What is needed is an exact repetition of the lines below, from the first one through the one holding "Saint Laurent Babylone", with no pictures and nothing else.

*Data extract*.
──────────────────────────────

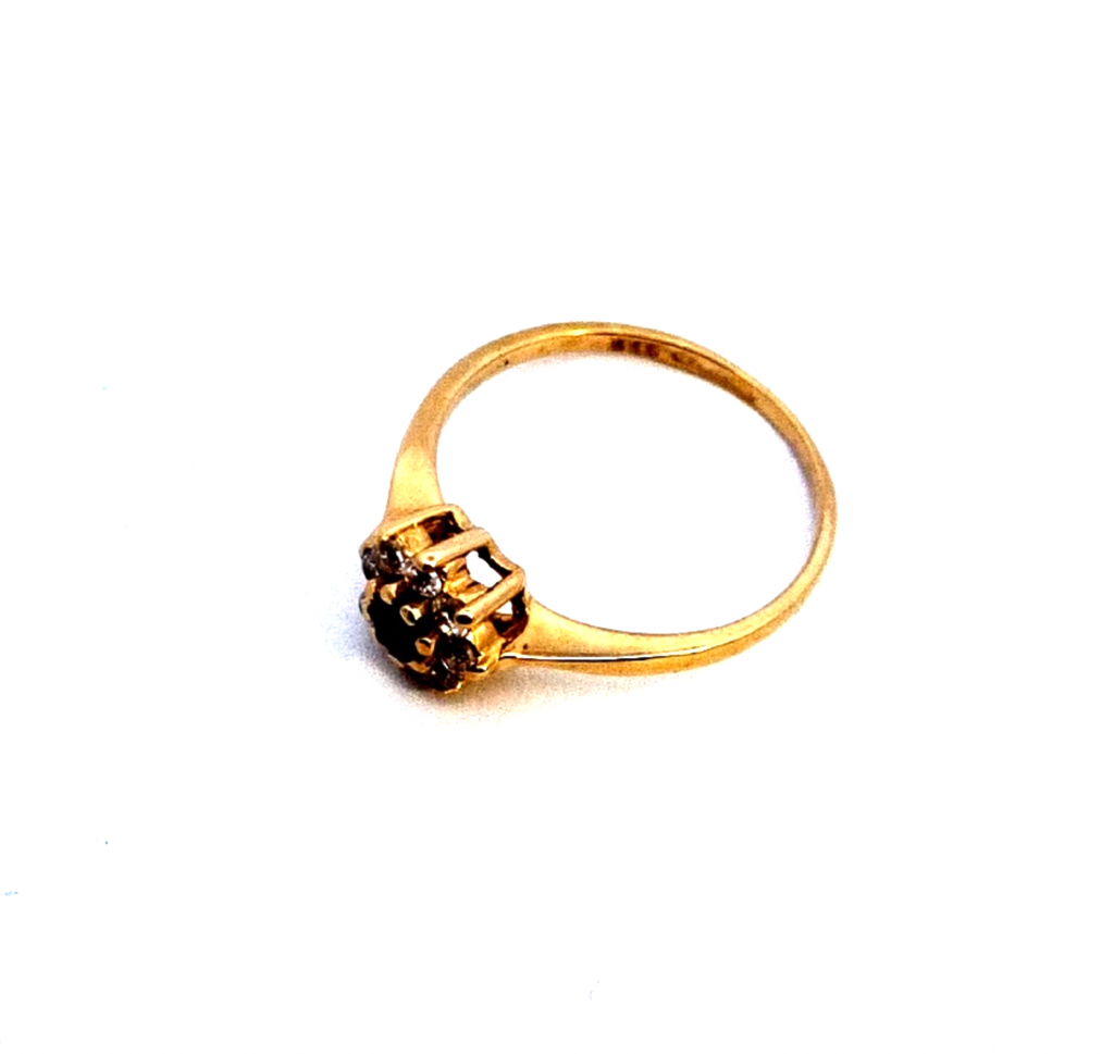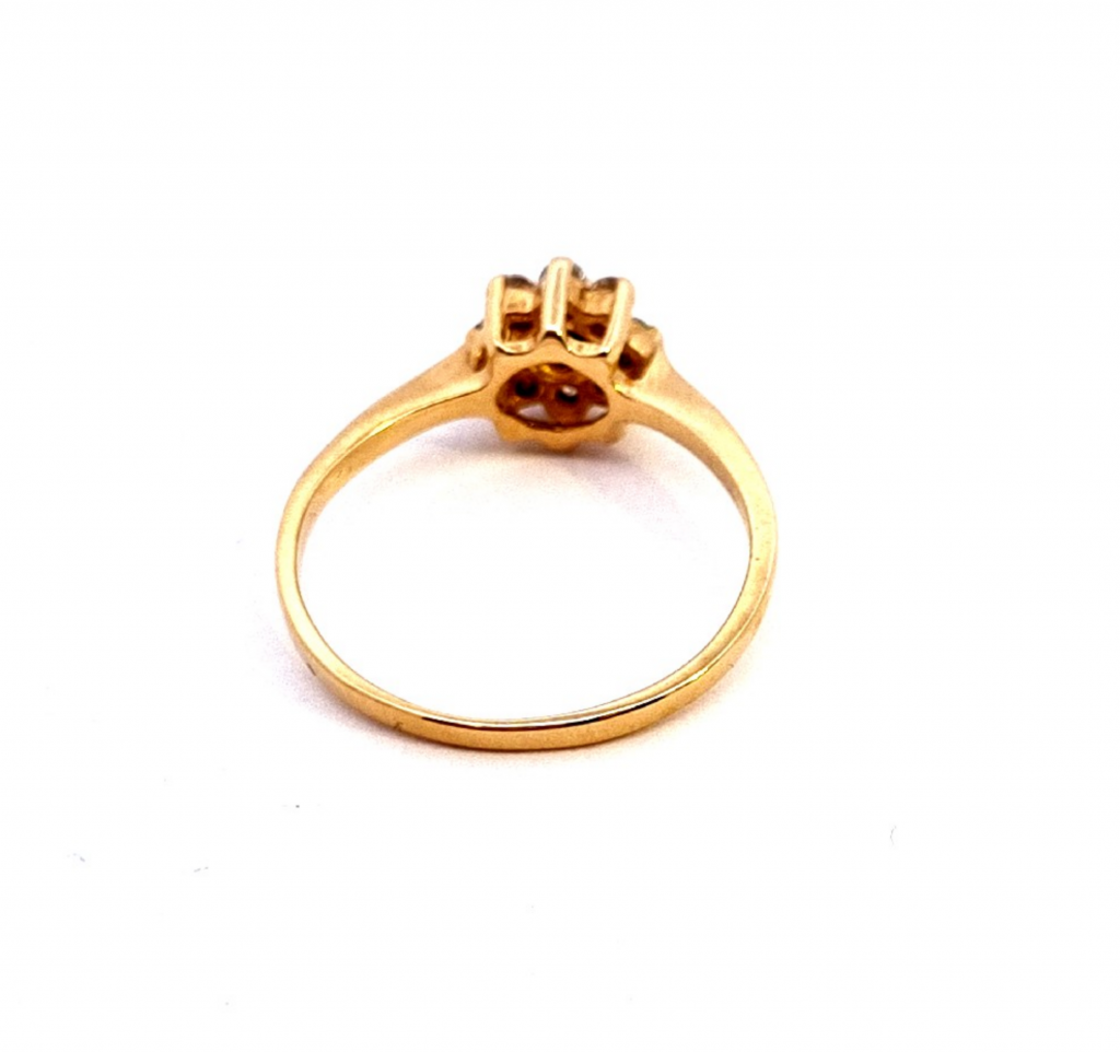 Prsten ze žlutého zlata o ryzosti 585/1000 s puncem labutě. Elegantní tenkou obroučku zdobí hlava prstenu ve tvaru kytičky, v jejímž středu se vyjímá tmavě modrý syntetický safír o průměru 3 mm. Okvětní plátky symbolizuje osm čirých zirkonů, každý o průměru 1 mm. Rozměry hlavy prstenu jsou 9 x 9 mm. Celková váha šperku je 2,5 g a jeho velikost je 57,5.
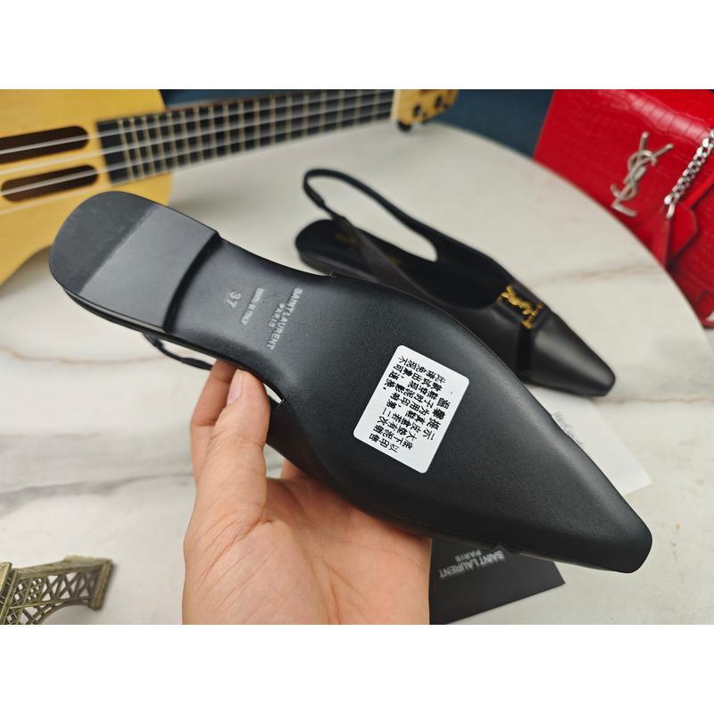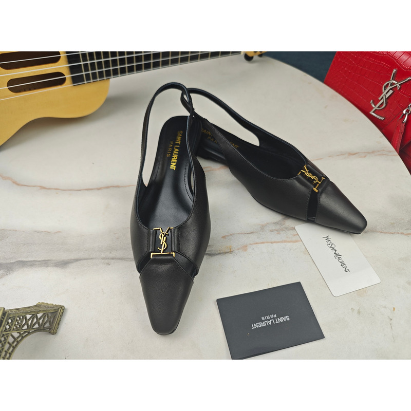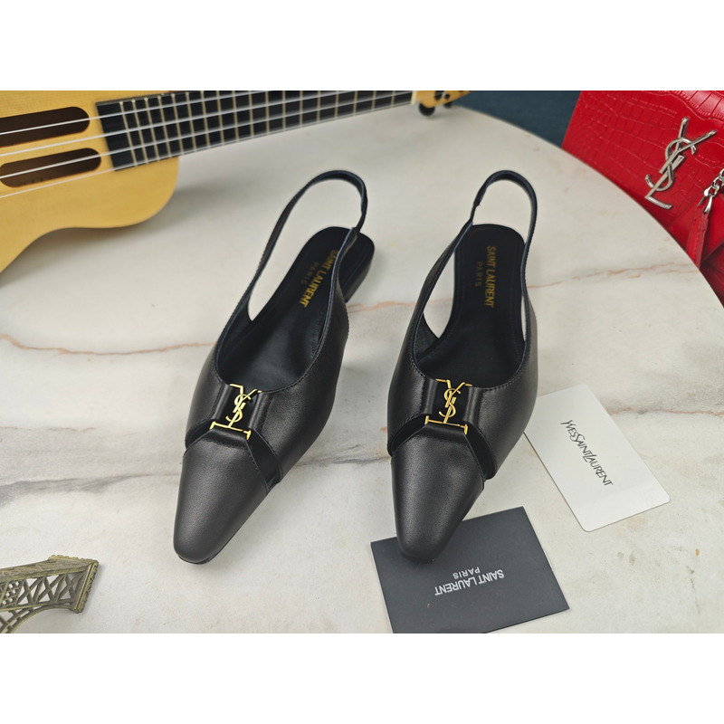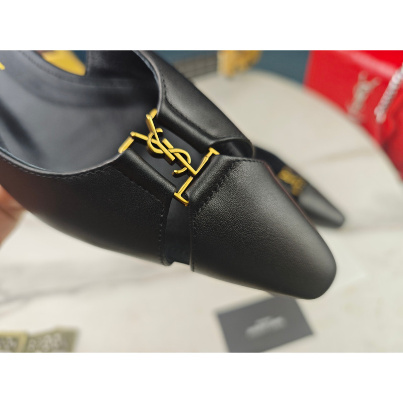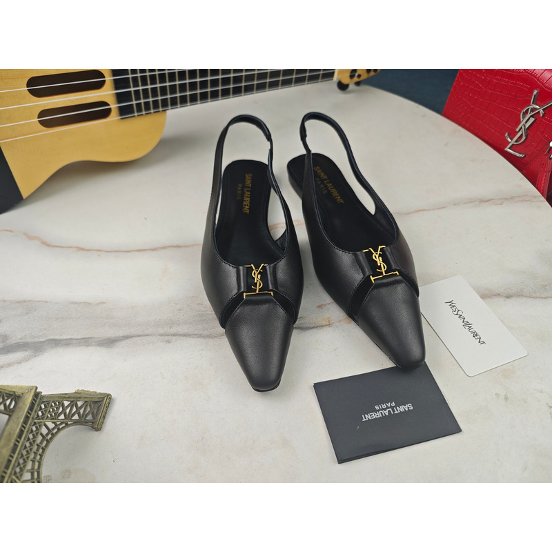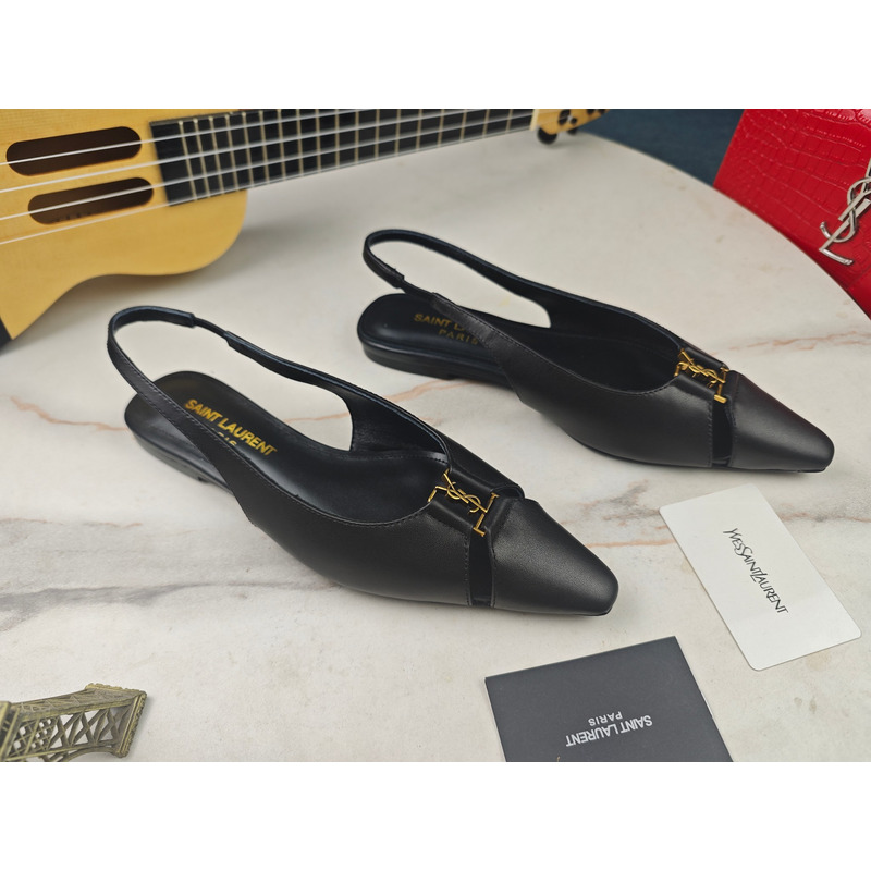 Saint Laurent Babylone Slingback Flats In Smooth Leather Black
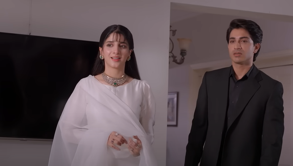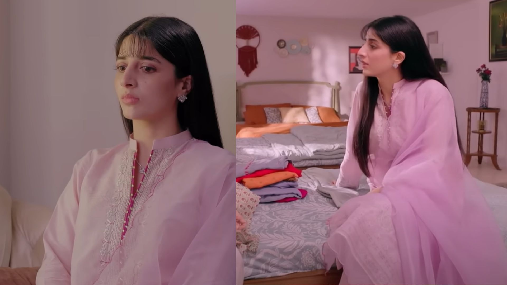 Laila reminds her in-laws subtly that she won’t bow down to their controlling nature so easily, while also looking like a pastel dream in this scene. In episode 6, she looked gorgeous in this light purple ensemble by Coco by Zahra Shahjahan, while politely letting her bhaabhi know that pushing children into adult feuds was a petty thing to do.

──────────────────────────────

*Output below*.
 Prsten ze žlutého zlata o ryzosti 585/1000 s puncem labutě. Elegantní tenkou obroučku zdobí hlava prstenu ve tvaru kytičky, v jejímž středu se vyjímá tmavě modrý syntetický safír o průměru 3 mm. Okvětní plátky symbolizuje osm čirých zirkonů, každý o průměru 1 mm. Rozměry hlavy prstenu jsou 9 x 9 mm. Celková váha šperku je 2,5 g a jeho velikost je 57,5.
 Saint Laurent Babylone Slingback Flats In Smooth Leather Black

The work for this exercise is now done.